Bug #3906	CREATE TABLE does not save the Japanese table names correctly in UTF8.
Submitted:	27 May 2004 4:40	Modified:	26 Jan 2006 2:51
Reporter:	Shuichi Tamagawa	Email Updates:
Status:	Closed	Impact on me:	None
Category:	MySQL Server	Severity:	S3 (Non-critical)
Version:	5.0	OS:	Windows (Window XP Professional)
Assigned to:	Alexander Barkov	CPU Architecture:	Any

Description:
When Japanese characters are used for table names in a SJIS environment, the table names are saved in UTF8 as described in the manual. However, it seems that some SJIS codes are converted to the same UTF8 code.

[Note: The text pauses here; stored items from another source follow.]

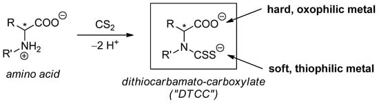 General synthesis of dithiocarbamato-carboxylate (DTCC) ligands from amino carboxylic acids and their potential ability to coordinate hard and soft metal centers selectively (R, R′ = alkyl residues; * = potential chirality center).
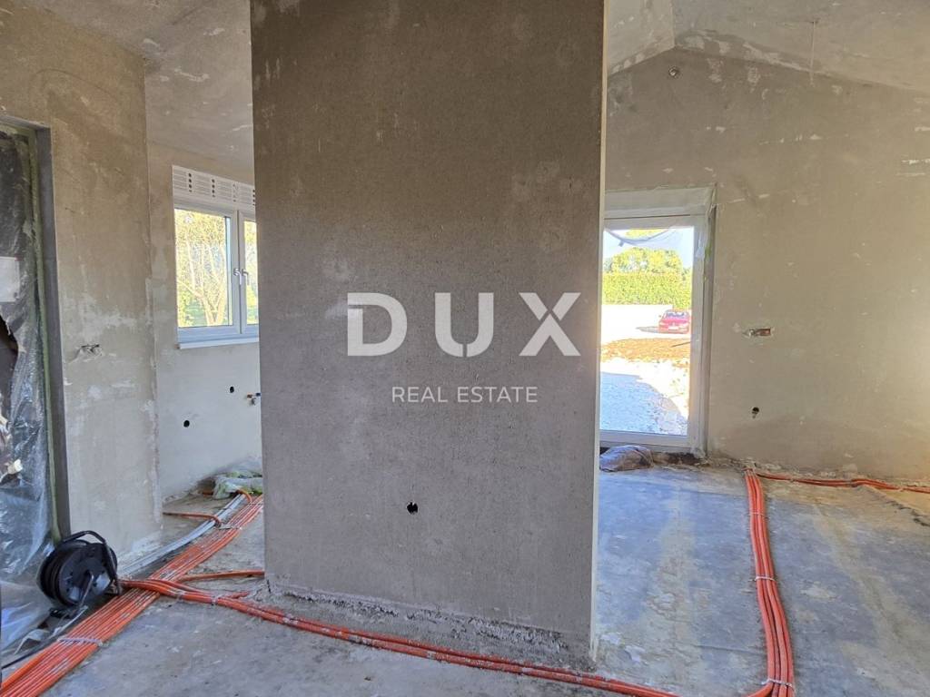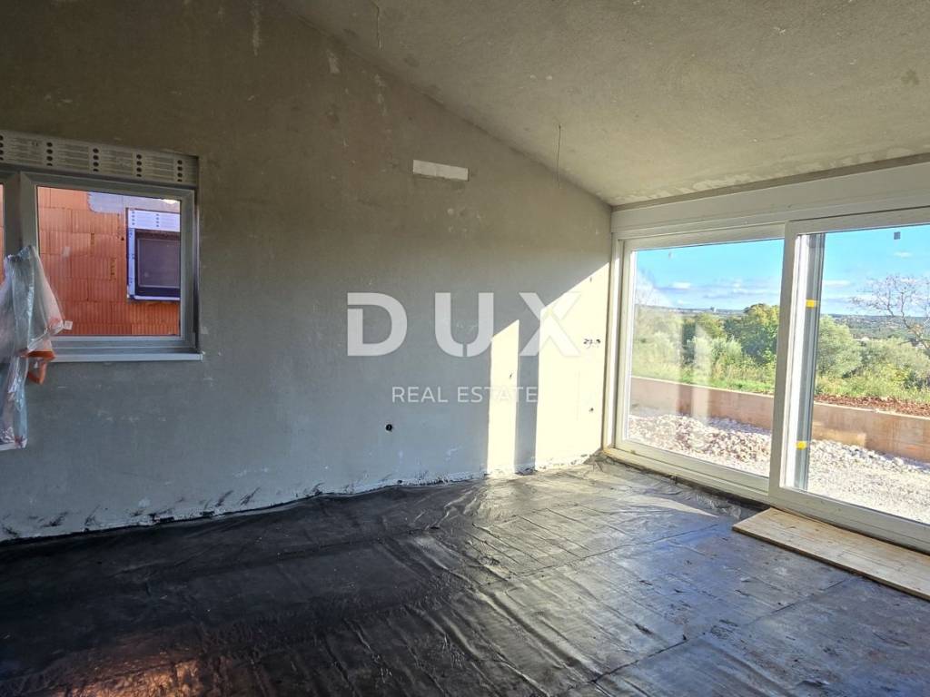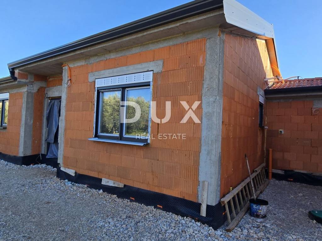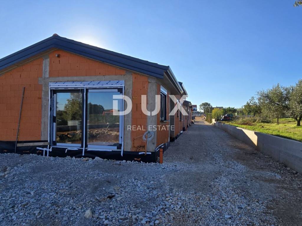 The municipality of Kaštelir is located on the west coast of Istria, in the northeastern hinterland, 13 kilometers from Poreč - the Croatian tourist metropolis. Local residents are mainly engaged in small business and agriculture - they are famous producers of wine, potatoes, olive oil and honey. Many cellars are marked on the maps of the wine roads of the Istrian County. The surroundings are adorned with greenery of vineyards and olive groves and fertile red soil on which hardworking locals grow fruit and vegetables. Located in the quiet and picturesque Kaštelir, close to Poreč and the Adriatic coast, these modern single-storey houses offer the perfect combination of comfort, contemporary design and functionality. Each single-storey house offers a spacious living room with kitchen and dining area full of natural light, three comfortable bedrooms, a bathroom and toilet and an outdoor storage room. The ceilings are high in all rooms and provide the possibility of setting up galleries. They are equipped with underfloor electric heating controlled via Wifi devices and air conditioning with a heating and cooling system that provides a pleasant temperature throughout the year. The outdoor area invites you to relax by the private pool, and several private parking spaces and a charging station for electric cars are also provided. A partial view of the sea further contributes to the feeling of peace and comfort. The house is being sold on a turnkey basis, and construction has already begun! Completion is planned for the second half of 2025. At the request of the future owner, it is possible to build two more swimming pools so that each residential unit has its own. This new building represents an excellent opportunity for anyone looking for an elegant and comfortable home in one of the most desirable locations in Istria.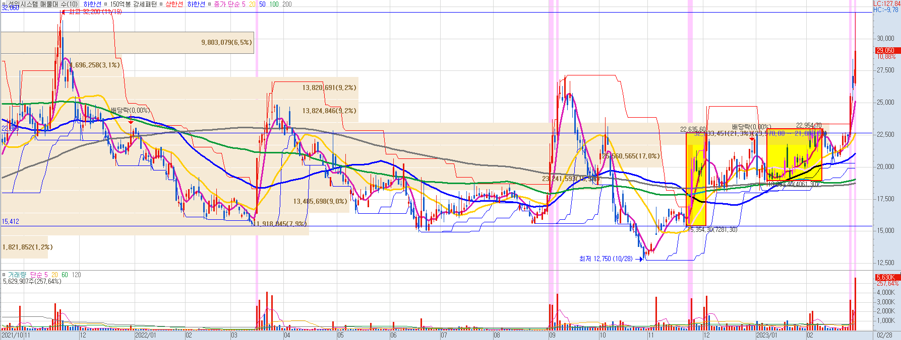 23.02.28 장중 한때 기록한 고가 32,000원은 21.11.19에 기록한 고점인 32,200원과 거의 근접한 상황에서 크게 윗꼬리를 달았습니다. 결국 종가는 전일 대비 10.88% 상승한 29,050원에서 마무리됐습니다. 전고점에서 큰 저항에 부딪혀 장대 윗꼬리를 단 만큼 단기 방향성이 하락으로 전환되는지에 대한 추적이 필요합니다.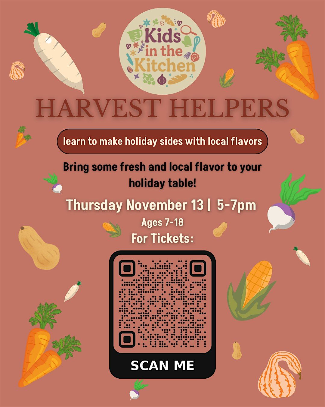 This week’s Kids in the Kitchen class is all about preparing for the holidays! Young chefs will learn how to make festive side dishes using local ingredients and seasonal flavors — perfect for sharing at your next family gathering. It’s a fun, hands-on way to celebrate fall’s harvest and explore creative cooking techniques.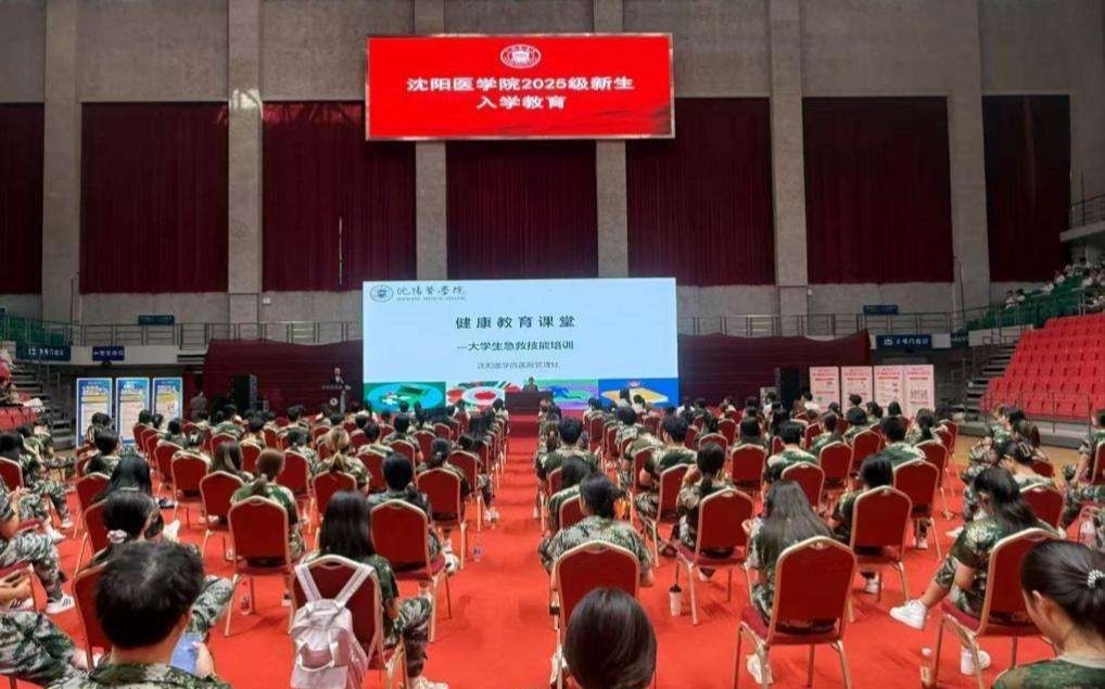 为落实全国学校急救教育试点学校建设工作,进一步普及急救教育,提升大学生应急救护能力,近期沈阳医学院医院管理处在学校体育馆举行新生入学健康教育课堂系列讲座--大学生急救技能培训。本次培训邀请中国红十字会应急救护师资许桂英教授主讲。来自全校各学院的2025级新生代表聆听讲座。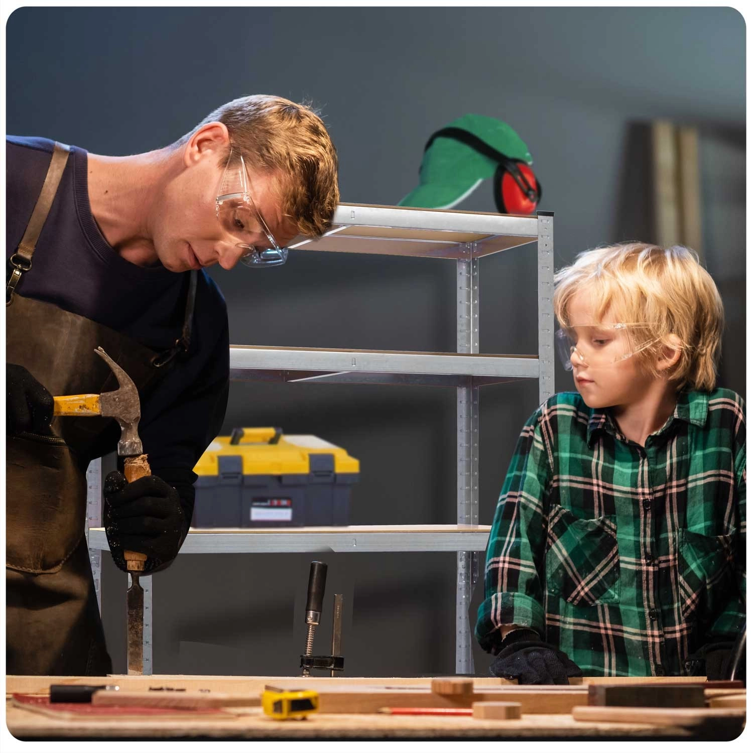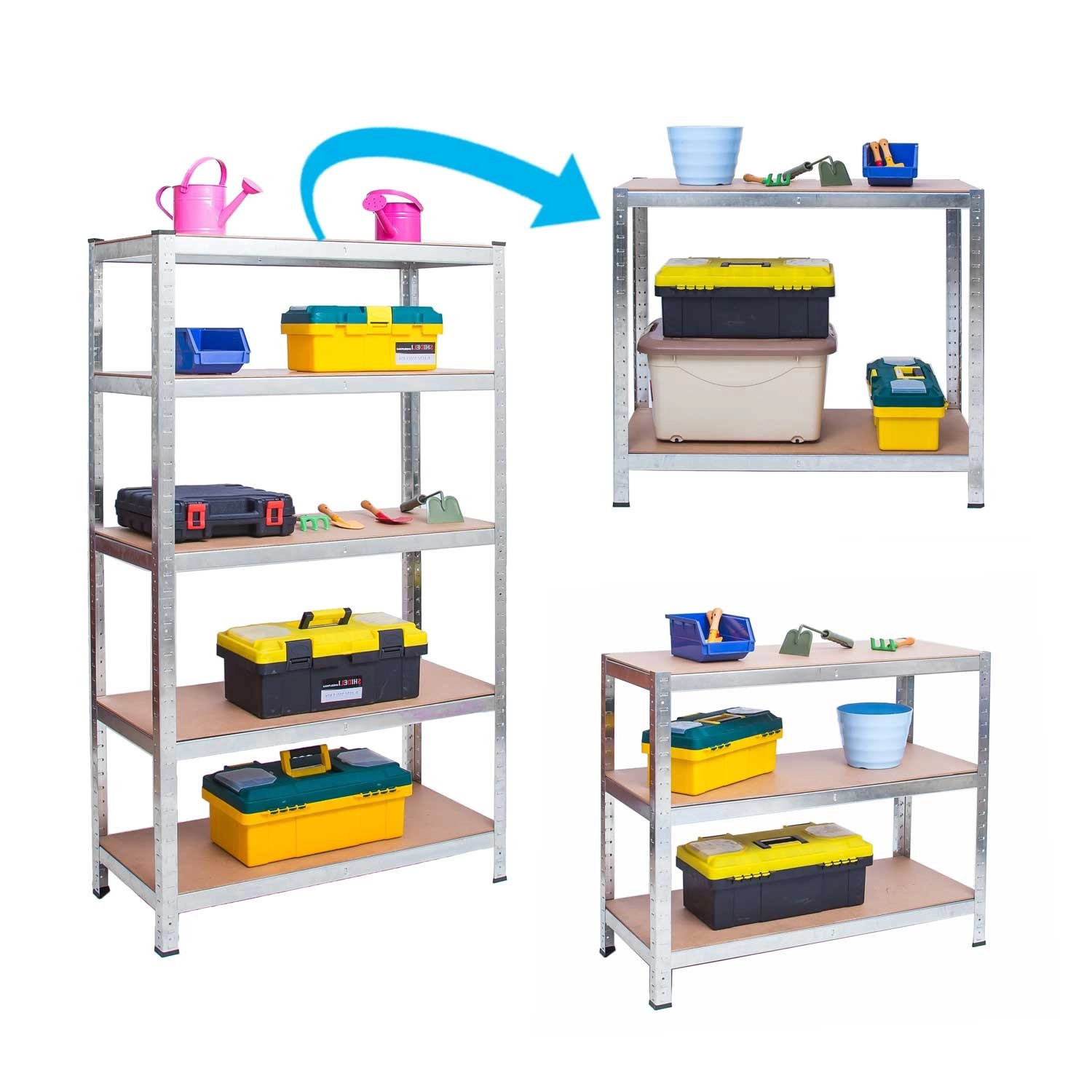 La hauteur des étagères est réglable par pas de 40 mm et l’ensemble peut être divisé en deux unités plus petites. Vous exploitez ainsi facilement l’espace dans le garage, l’atelier ou la cave.

Thus, in some cases new table creation fails with the "ERROR 1050 (42S01): Table '***' already exists" even though the table names are different in SJIS.

How to repeat:
mysql> CREATE TABLE 0x82A0(a char(1));
Query OK, 0 rows affected (0.16 sec)

mysql> CREATE TABLE 0x82A2(a char(1));
ERROR 1050 (42S01): Table '0xE3818145 already exists
mysql> CREATE TABLE 0x82A4(a char(1));
ERROR 1050 (42S01): Table '0xE3818145 already exists
mysql> CREATE TABLE 0x82A6(a char(1));
ERROR 1050 (42S01): Table '0xE3818145 already exists
mysql> CREATE TABLE 0x82A8(a char(1));
ERROR 1050 (42S01): Table '0xE3818145 already exists

*Replace "0x82A0 - 0x82A8" with the Japanese character of the SJIS code point.
*Replace "0xE3818145" with the Japanese characters of the SJIS code points.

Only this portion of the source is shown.